Please repeat each line from the one holding "世界遺産・国宝 姫路城の特別" through the final line of the data, exactly as it stands, with no pictures.

Records:
:::
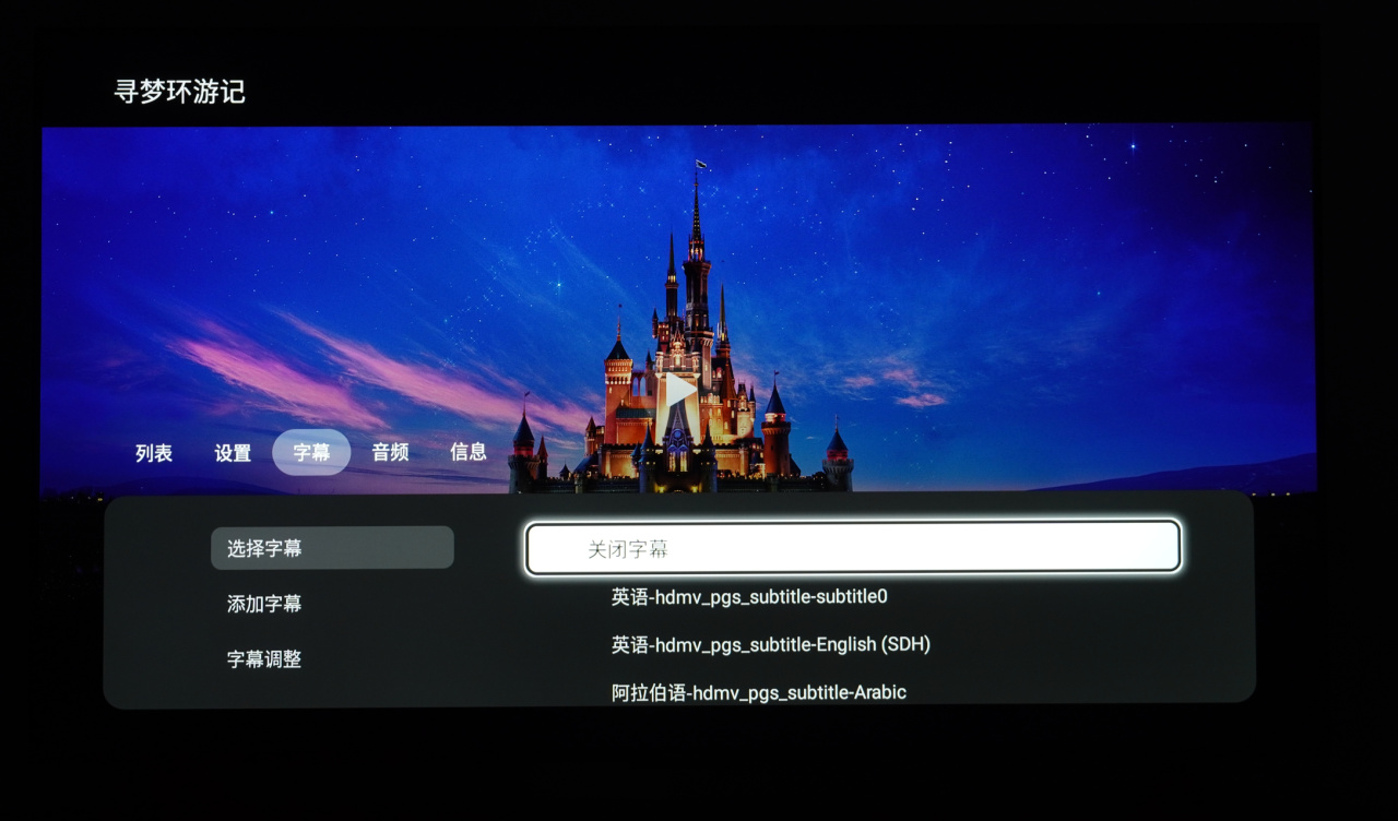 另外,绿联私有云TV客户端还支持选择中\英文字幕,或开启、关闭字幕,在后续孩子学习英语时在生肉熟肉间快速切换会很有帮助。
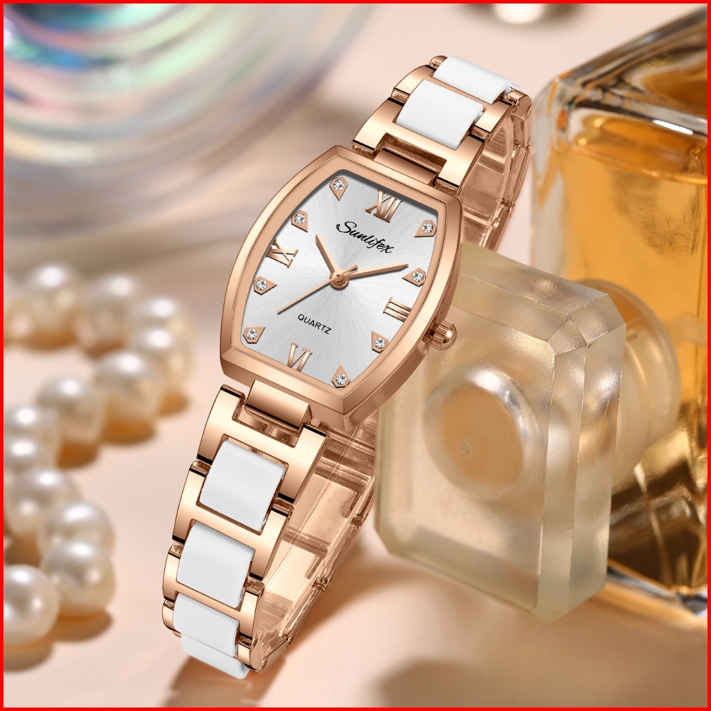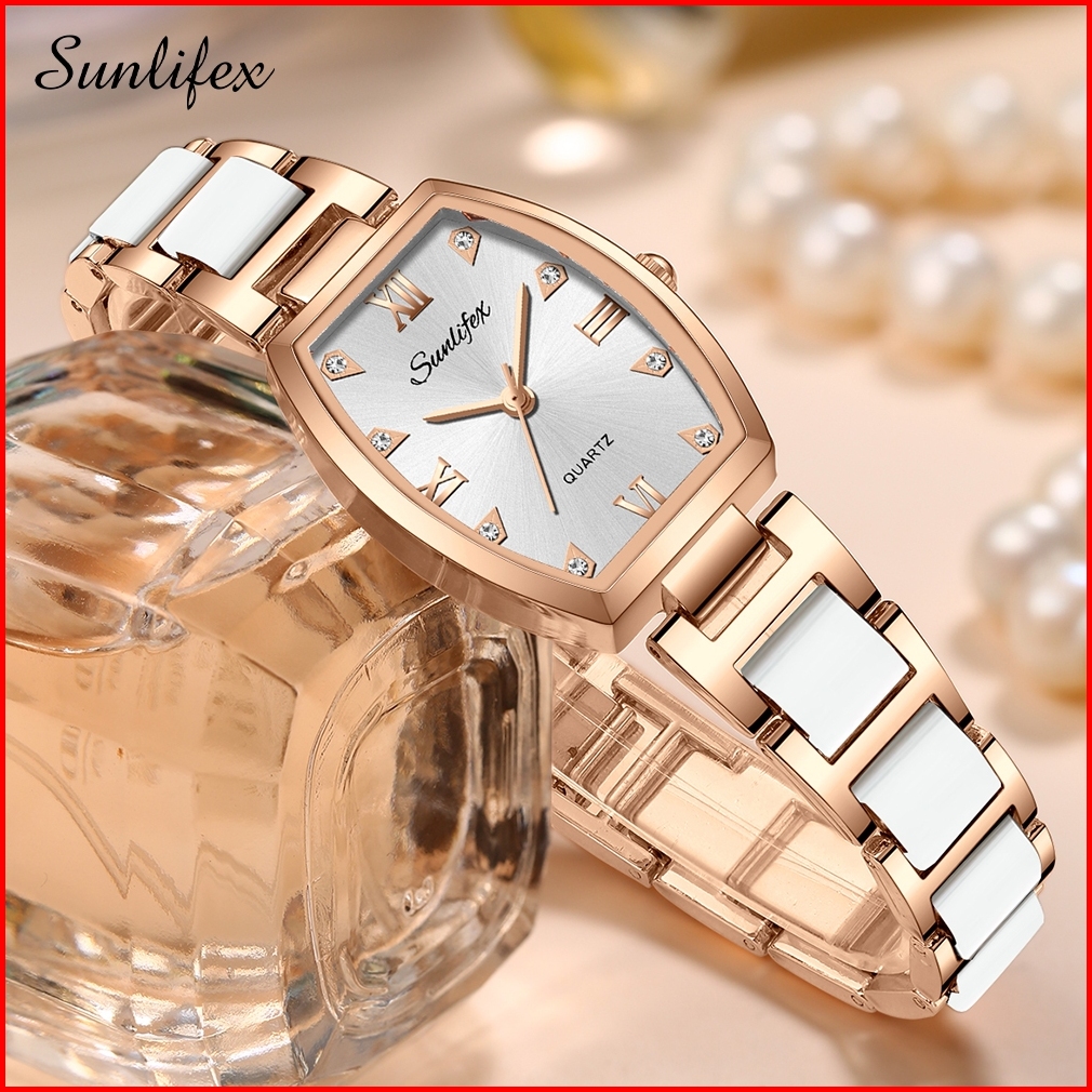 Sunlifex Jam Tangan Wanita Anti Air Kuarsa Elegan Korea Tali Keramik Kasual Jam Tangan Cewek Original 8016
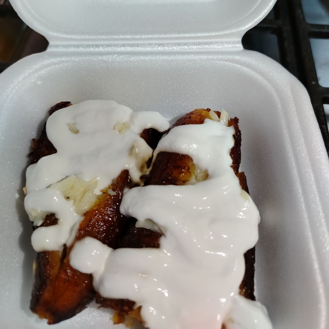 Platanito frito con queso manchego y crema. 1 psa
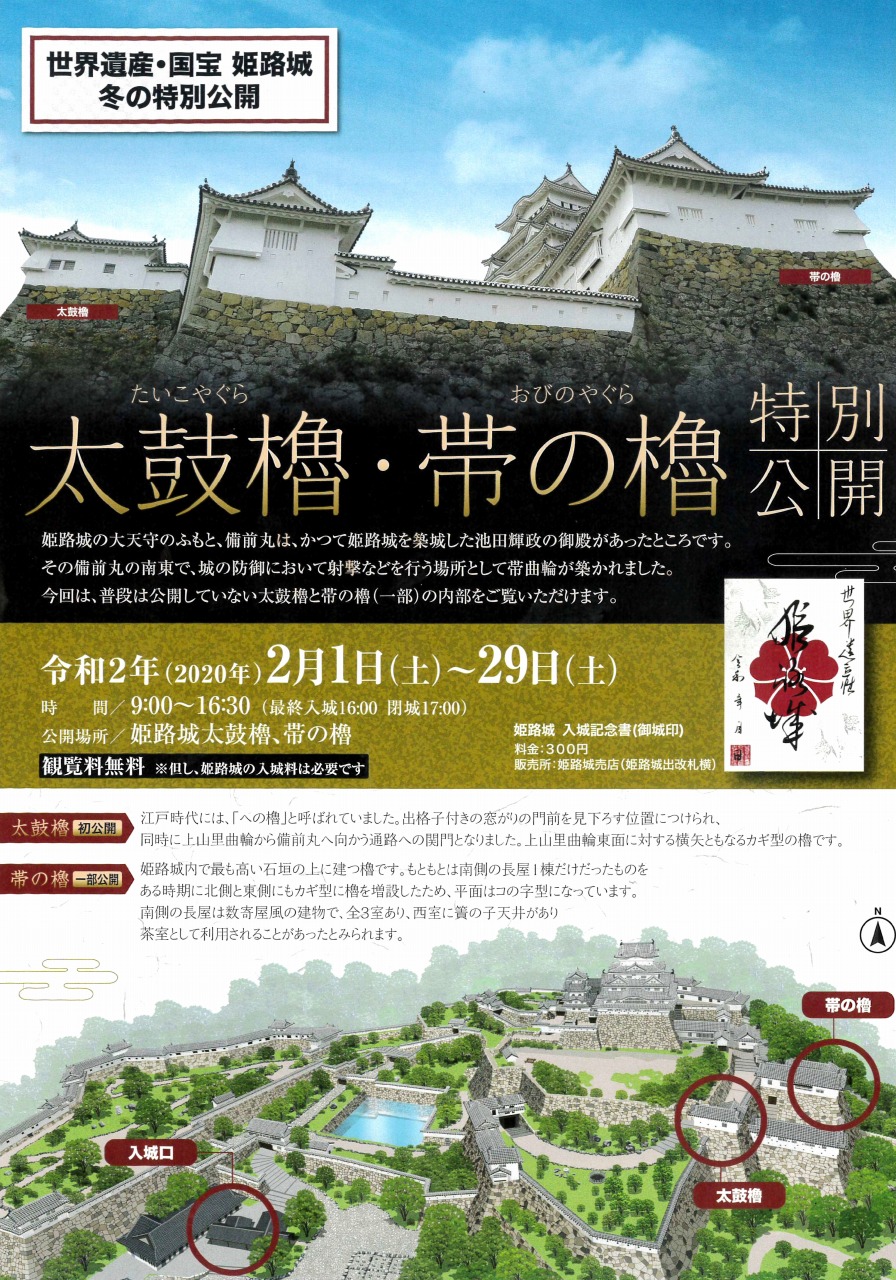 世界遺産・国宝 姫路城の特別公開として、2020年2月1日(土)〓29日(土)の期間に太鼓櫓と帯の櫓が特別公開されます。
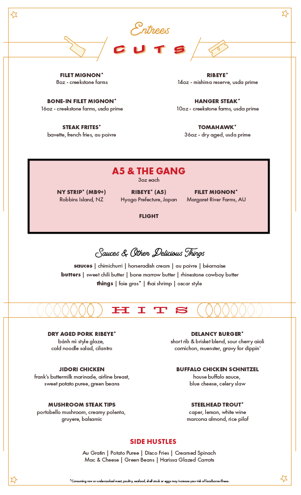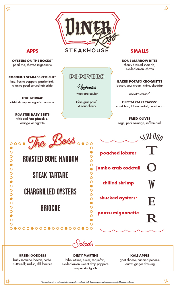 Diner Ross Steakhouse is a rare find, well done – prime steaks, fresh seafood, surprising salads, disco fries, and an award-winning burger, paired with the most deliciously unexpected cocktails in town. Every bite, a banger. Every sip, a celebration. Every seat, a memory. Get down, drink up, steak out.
:::
Task result:
 世界遺産・国宝 姫路城の特別公開として、2020年2月1日(土)〓29日(土)の期間に太鼓櫓と帯の櫓が特別公開されます。
 Diner Ross Steakhouse is a rare find, well done – prime steaks, fresh seafood, surprising salads, disco fries, and an award-winning burger, paired with the most deliciously unexpected cocktails in town. Every bite, a banger. Every sip, a celebration. Every seat, a memory. Get down, drink up, steak out.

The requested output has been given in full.